Why intervention in Kosovo, but not East Timor (or Chechnya, or Tibet, for that matter)? Everyone knows the answer, even if our leaders dare not say it: that Yugoslavia was a medium-sized and friendless country, which Nato could safely attack without even bothering to secure UN approval beforehand. Not so the nuclear powers Russia and China ,or even Indonesia, the biggest fish in the South-East Asian pool; the "international community" is well aware that taking them on might cause global turmoil. Today's UNmission to Jakarta is unlikely, therefore, to have Indonesia's generals trembling in their boots.

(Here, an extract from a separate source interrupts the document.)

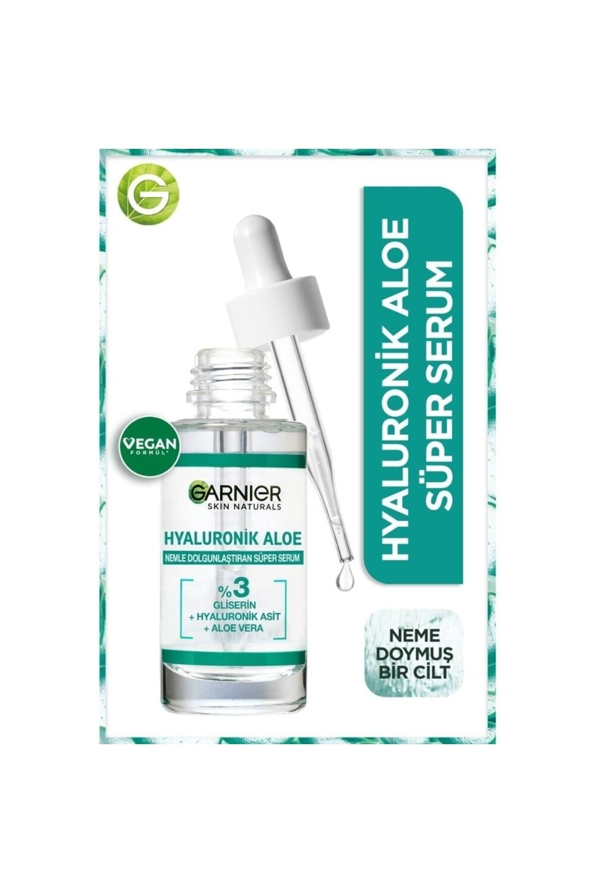Garnier’nin (%3) Gliserin + Hyaluronik Asit + Aloe Vera ile yüksek konsantrasyona sahip ilk serumu. ; Tek kullanımda daha pürüzsüz, yumuşak ve sıkı görünen bir cilt! KANITLANMIŞ ETKİNLİK Tek Kullanımda: Neme doymuş ve daha yumuşak bir cilt. ; NASIL KULLANILIR? Serum damlalığının aldığı kadar serumu temiz yüzünüze ve göz çevrenize nazikçe yayarak uygulayın. ; Her sabah ve akşam temiz cildinize gündüz veya gece kreminizden önce uygulayınız. ; Nemle Dolgunlaştıran Süper Serum. ; TÜM CİLT TİPLERİNE UYGUN %3 Gliserin + Hyaluronik Asit + Aloe Vera ile Zenginleştirilmiş Formül.;

Nor would even the existence of a standing UN army make much difference in practice. Let the supranationalists dream. But armies, like diplomats, require instructions. And short of a quite unimaginable collective surrender of national sovereignty to the Secretary General, command of a specifically UN military force would in practice be as unwieldy as decision-making on the Security Council. The real crime is to arouse false hopes - and Britain is as guilty of this as anyone.

The UN is an imperfect instrument, but it's the best that is available. Alas, it is also one that peculiarly lends itself to moral grandstanding. Ten weeks ago, in the aftermath of Kosovo, Mr Cook announced that Britain was putting up to 8,000 troops on permanent standby to the UN. All talk of overstretching our depleted armed forces was brushed aside; these would be front-line, rapid-reaction units, we were told, boosting the UN's ability to mount emergency peace-keeping operations around the world.

But when precisely such an emergency arises, it transpires that we have nothing available. Thus are expectations raised, only to run aground on the reality of a debacle such as East Timor. For it we have not the UN, but ourselves, to blame.